Reauthorization Criteria:

1. Omvoh SC

• Patient demonstrates positive clinical response to therapy as evidenced by at least one of the following:
  • Improvement in intestinal inflammation (e.g., mucosal healing, improvement of lab values [platelet counts, erythrocyte sedimentation rate, C-reactive protein level]) from baseline
  • Reversal of high fecal output state

Coverage Duration:

1. Omvoh IV

• Initial: 3 months

2. Omvoh SC

• Initial: 6 months
• Reauthorization: 12 months

Authorization is not covered for the following:

The use of this drug for indications not listed in this policy does not meet the coverage criteria established by the Western Health Advantage (WHA) Pharmacy and Therapeutics (P&T) Committee.

Additional Information:

• * Includes attestation that the patient has failed to respond to the TNF inhibitor mechanism of action in the past and should not be made to try a second TNF inhibitor. In this case, only a single step through a preferred agent is required.

Policy Updates:

• 02/20/2024 – New policy approved by P&T.
• 10/01/2024 – Addition of Skyrizi as an additional trial option for UC indication.

References:

1. Omvoh prescribing information.
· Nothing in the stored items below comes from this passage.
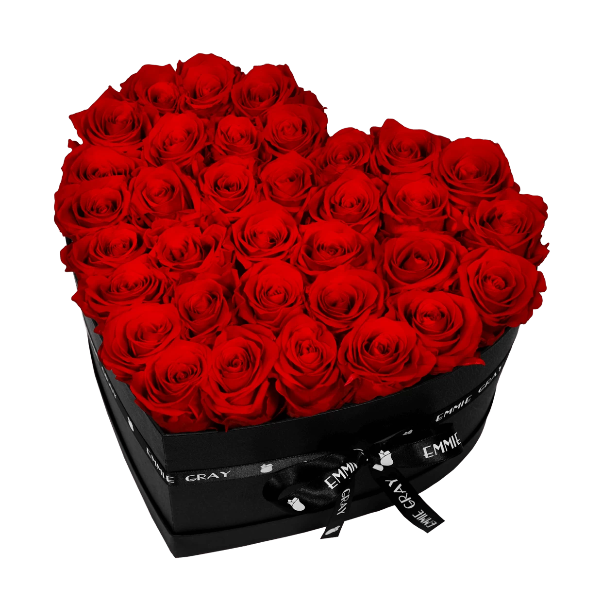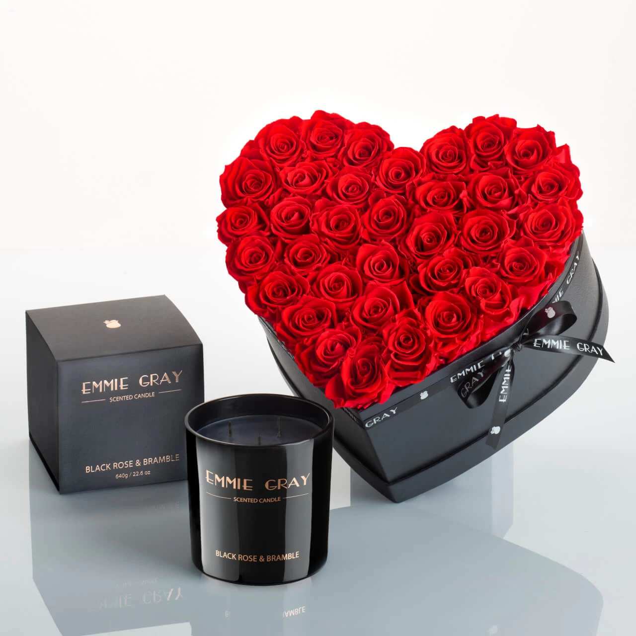 Verführerisches Vibrant Red arrangiert in der herzförmigen Rosebox kombiniert mit dem unwiderstehlichen Duft von Brombeere, Zedernholz und Lorbeerblättern der Black Rose & Bramble Scented Candle. Die edlen roten Rosen und der holzig-süße, vitalisierende Duft lassen Herzen garantiert höher schlagen!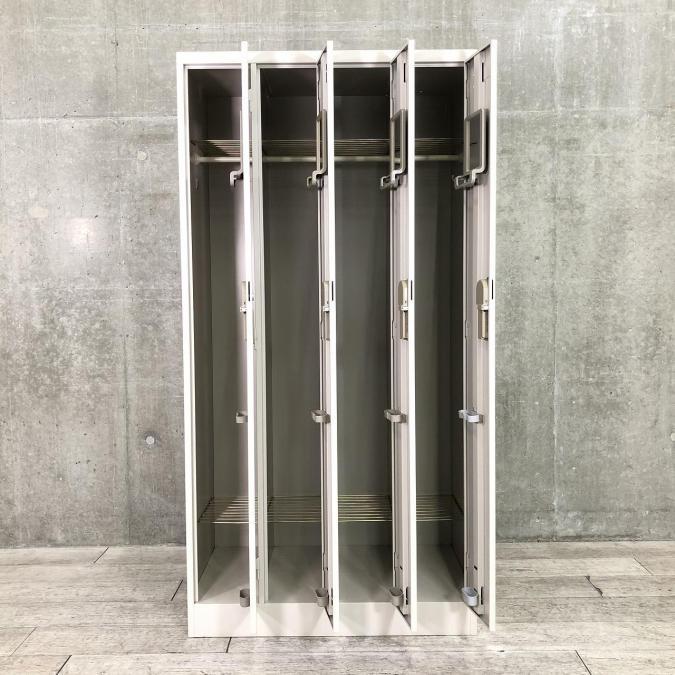 【衣類や個人の荷物の管理に!増員や移転に併せて!】■コクヨ(KOKUYO)製 LKシリーズ 4人用更衣ロッカー ■シリンダー錠 ■ニューグレー オフィスバスターズ東大阪店 鍵付き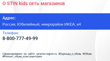 O`STIN kids, сеть магазинов по адресу МЕГА Химки, 1, Ленинградское шоссе, Родионово, микрорайон ИКЕА, Химки, городской округ Химки, Московская область, Центральный федеральный округ, 141410, Россия в дальнейшем Организация, размещена в следующих категориях:
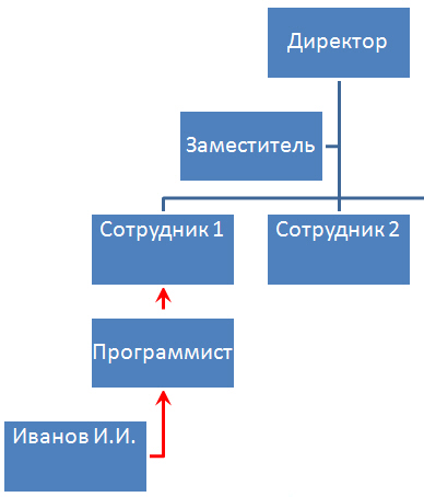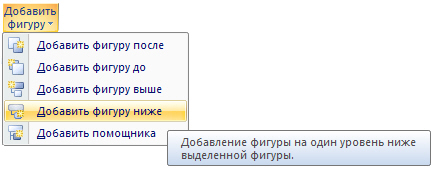 · Вставить фигуру на один уровень ниже выделенной фигуры (команда Добавить фигуру ниже). При этом фигура будет добавлена за остальными фигурами этого уровня.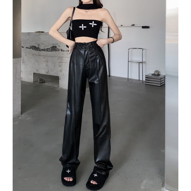 实拍实价现货高腰显瘦紧身黑色皮裤女高级感垂感休闲直筒阔腿长裤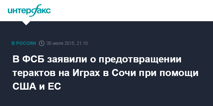 В ФСБ заявили о предотвращении терактов на Играх в Сочи при помощи США и ЕС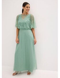 Bonprix Maxi šaty z jemného tylu, s flitrovou výšivkou zelená Žena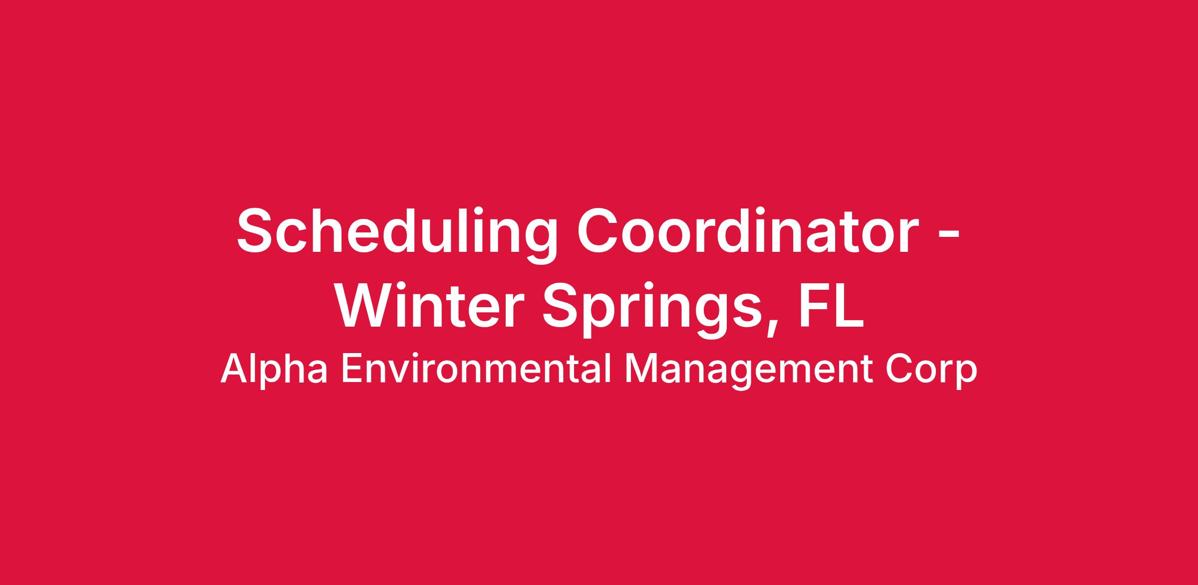 Scheduling Coordinator - Winter Springs, FL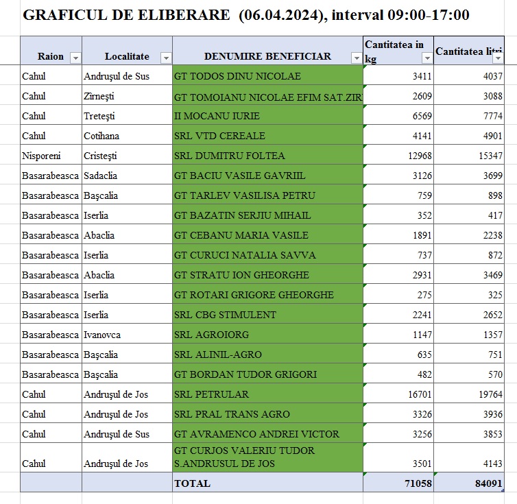 GRAFICUL de eliberare a ajutorului umanitar extern (motorină) pentru data de 6 aprilie 2024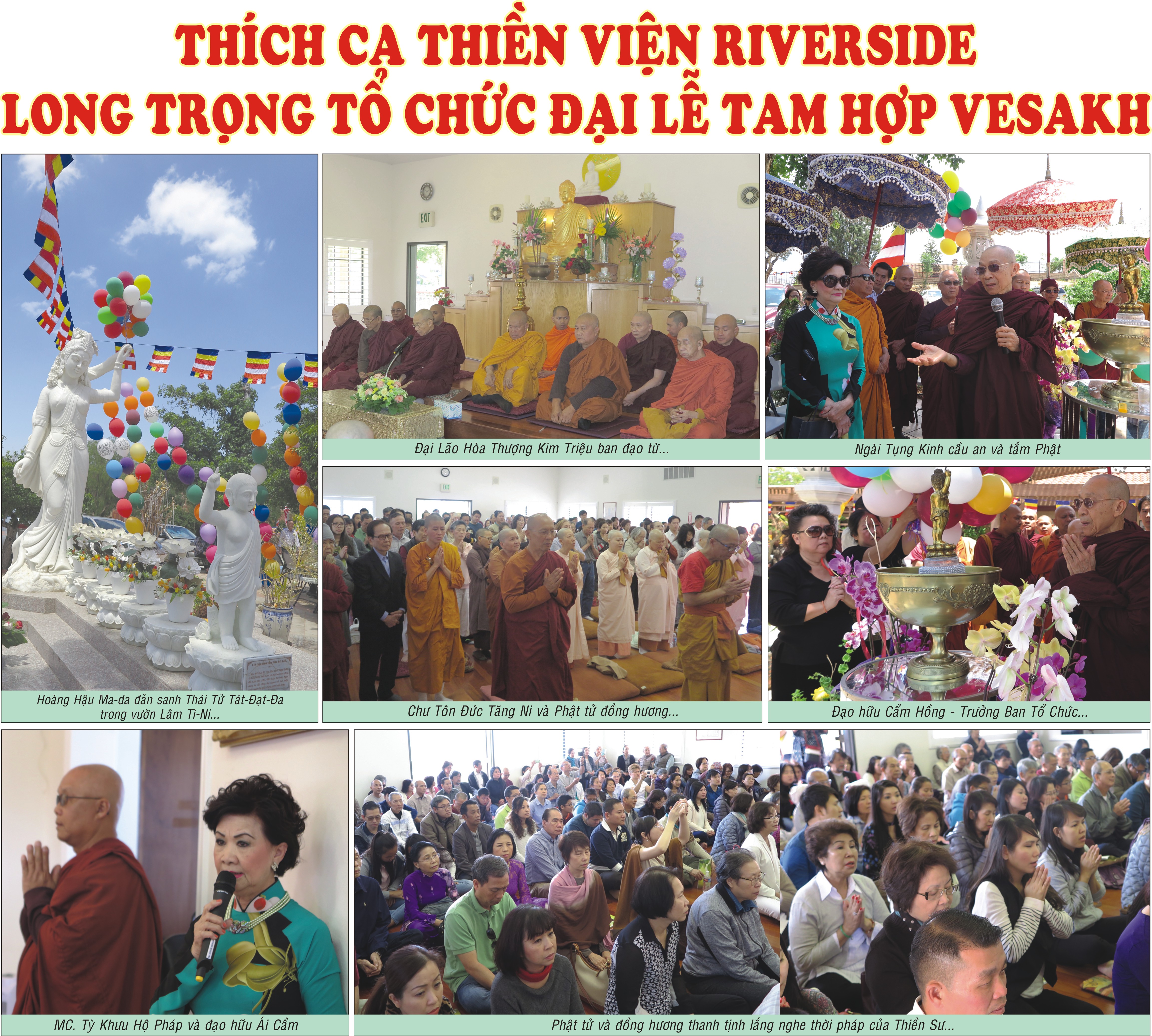 Riverside (SGT) Theo truyền thống Phật Giáo Nguyên Thủy hàng năm, vào ngày rằm tháng Tư Âm Lịch được gọi là Đại Lễ Tam Hợp đánh dấu ba sự kiện trọng đại của lịch sử nhân loại: Ngày Đức Bồ Tát Đản Sanh, Đức Phật Thành Đạo và Đức Phật Nhập Niết Bàn. Hằng năm các Tự Viện, Chùa chiền đều có tổ chức Ngày Đại Lễ Tam Hợp Vesakh vô cùng trọng đại trên khắp thế giới. Năm nay tại Thích Ca Thiền Viện Riverside đã long trọng tổ chức Đại Lễ Vesakh Phật Lịch 2561 vào ngày Chủ nhật 15-5-2017 tại khuôn viên Thích Ca Thiền Viện địa điểm 15950 Winters Lane, Riverside, CA 92504. Buổi lễ chính thức diễn ra từ lúc 9 giờ 30 sáng với sự quang lâm của đông đảo Chư Tăng và đồng hương Phật tử tham dự. Về phía Chư Tôn Đức Giáo Phẩm Tăng Ni chúng tôi ghi nhận có Đại Lão Hòa Thượng Thiền Sư Khippapanno Kim Triệu Viện Chủ Kỳ Viện Tự ở Washington D.C. và Thích Ca Thiền Viện Riverside California; Tỳ Khưu Dhammapanno - Pháp Trí; Tỳ Khưu Dhammasaro - Pháp Chất (VN); Tỳ Khưu Agasami - Khánh Hỷ (Ananda); Tỳ Khưu Visudhipunno - Phước Tịnh (VN); Tỳ Khưu Pannapajjoto - Huệ Quang (TCTV); Tỳ Khưu Dhammapalo - Hộ Pháp (TCTV); Tỳ Khưu Thanakamo - Thiện Nghiệp (TCTV); Tỳ Khưu Pannadhammika - Pháp Tuệ (TCTV); Tỳ Khưu Jotika - Thiện Đăng (Ananda); Bhikkhu Sangha Tăng (Cambodia Temple); Bhikkhu Kontaseylo Tanna (Cambodia Temple); Bhikkhu Chandarathana (Sambuddhaloka Buddhist).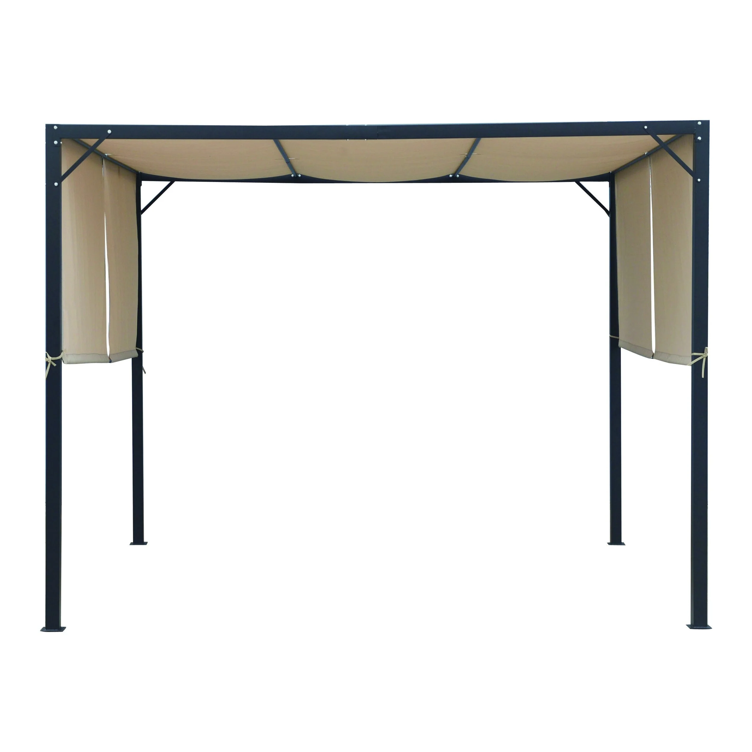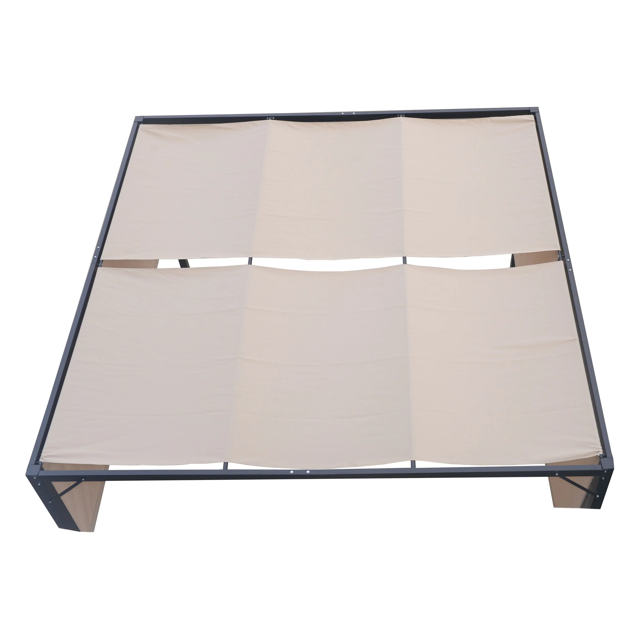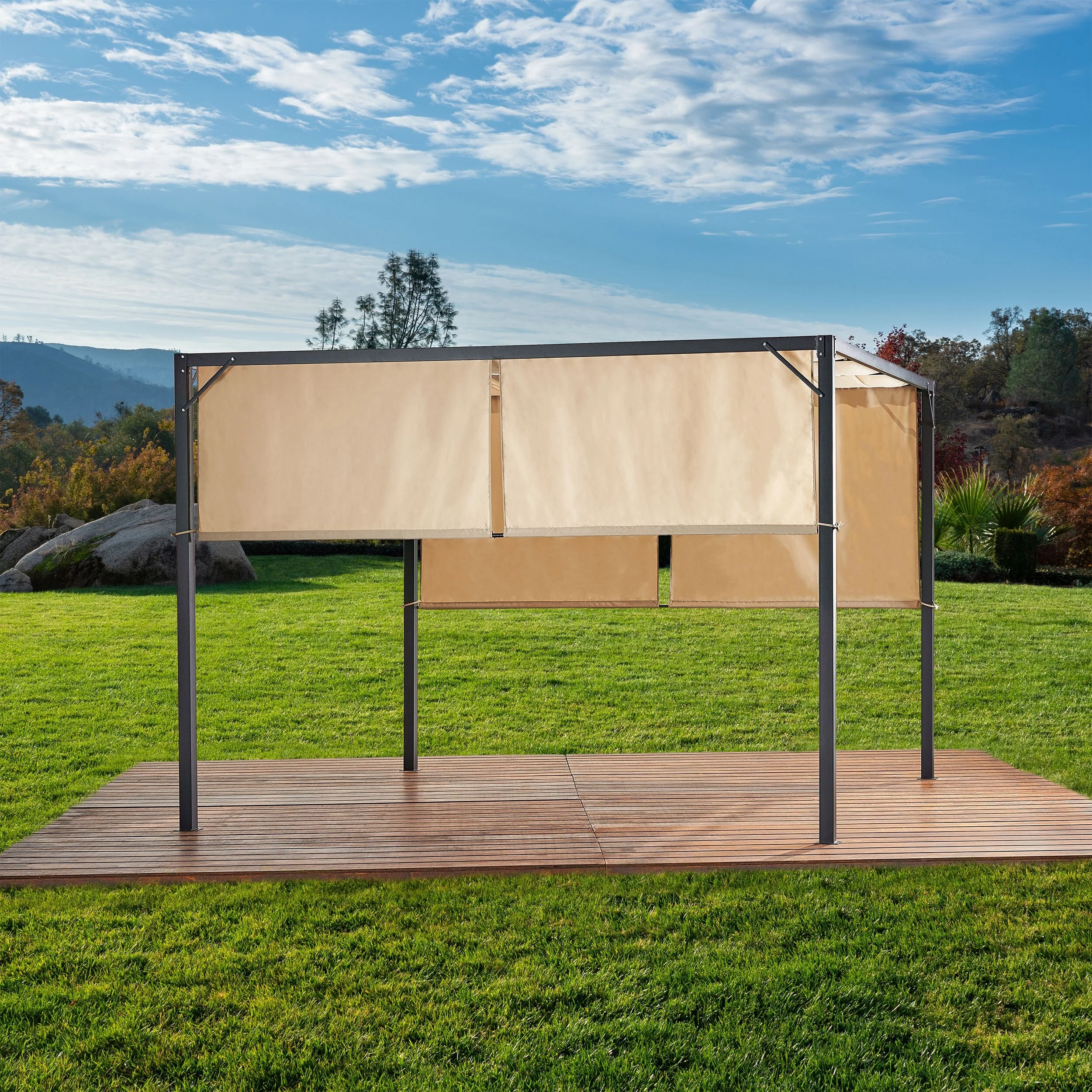 Roomfitters Steel Outdoor Pergola with Retractable Canopy, All-Weather Patio Shade for Dining and Entertaining, Beige

Eli Lilly & Co. Indianapolis, IN. October 2023.
2. Rubin DT, Ananthakrishnan AN, Siegel CA, et al. ACG clinical guideline: ulcerative colitis in adults. Am J Gastroenterol. 2019;114:384-413.
3. Feuerstein JD, Isaacs KL, Schneider Y, et al. AGA clinical practice guidelines on the management of moderate to severe ulcerative colitis. Gastroenterol. 2020;158:1450-1461.